* Data shown:
───

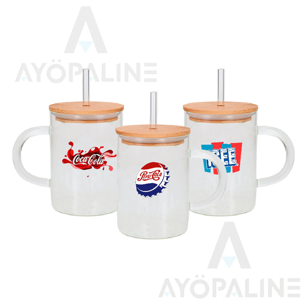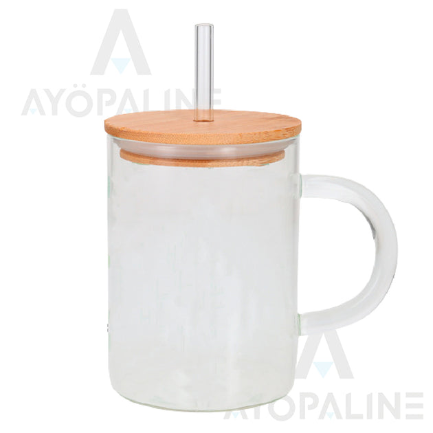 Tarro de vidrio con tapa de bambú y popote.
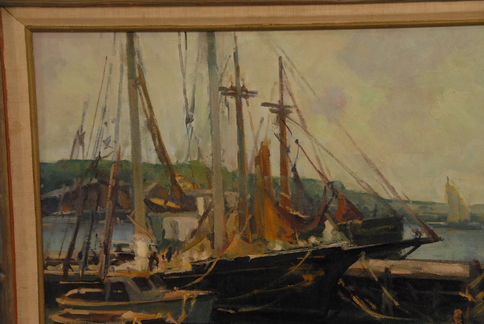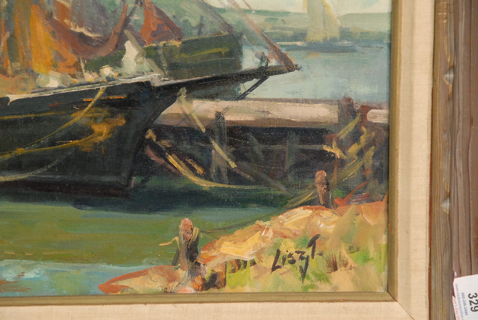 Lot 329: Maria Veronica Liszt 1902-1992 SHIPS IN HARBOR oil on canvas signed lower right Liszt 16 x 20
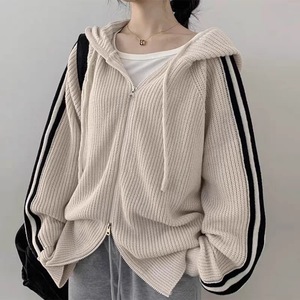 韩国秋冬简约气质抽绳连帽设计小众宽松小个子长袖毛衣外套
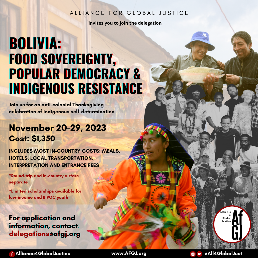 Learn about the Plurinational State of Bolivia’s Indigenous movements for sovereignty over food, land and water; gain an understanding of the spiritual and philosophical foundations of Pachamama; and discover the traditional ecological knowledge of the country’s peoples. Meet with farmers, community leaders, government officials and others. Experience the rich culture of the Andes and soak in the sights, sounds, people and politics during this historic moment for Bolivia’s popular democracy and Indigenous self-determination.
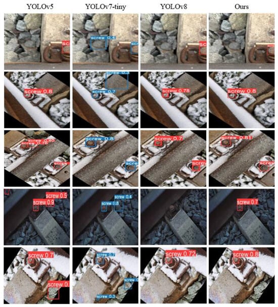 The fastener screw detection performance of the fastener screw maintenance robot may be significantly interfered with when encountering unexpected environmental factors. For example, the hexagonal contour of the fastener screw bears a resemblance to a few ballast contours, making it challenging to differentiate between them against complex environmental backgrounds. Additionally, foreground occlusions from other trash may obstruct the complete exposure of the fastener screw, further complicating detection tasks.
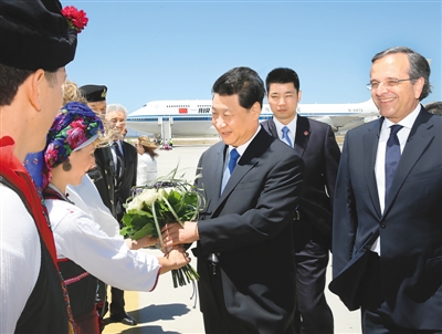 習(xí)近平抵達(dá)羅德島迪亞哥拉斯機(jī)場(chǎng)時(shí),希臘總理薩馬拉斯專程從首都雅典前來(lái),并率多名內(nèi)閣部長(zhǎng)和羅德市市長(zhǎng)到機(jī)場(chǎng)歡迎。習(xí)近平在舷梯旁同薩馬拉斯握手,互致問(wèn)候。身著當(dāng)?shù)貍鹘y(tǒng)服裝的希臘青年向習(xí)近平獻(xiàn)花。希臘禮兵沿紅地毯兩側(cè)列隊(duì),向習(xí)近平行注目禮。

───

* Task goal:
Restate, line by line and word for word, everything from the top of the material through the line that contains "韩国秋冬简约气质抽绳连帽设计小众宽松小个子长袖毛衣外套". Leave pictures out.

* Your solution:
 Tarro de vidrio con tapa de bambú y popote.
 Lot 329: Maria Veronica Liszt 1902-1992 SHIPS IN HARBOR oil on canvas signed lower right Liszt 16 x 20
 韩国秋冬简约气质抽绳连帽设计小众宽松小个子长袖毛衣外套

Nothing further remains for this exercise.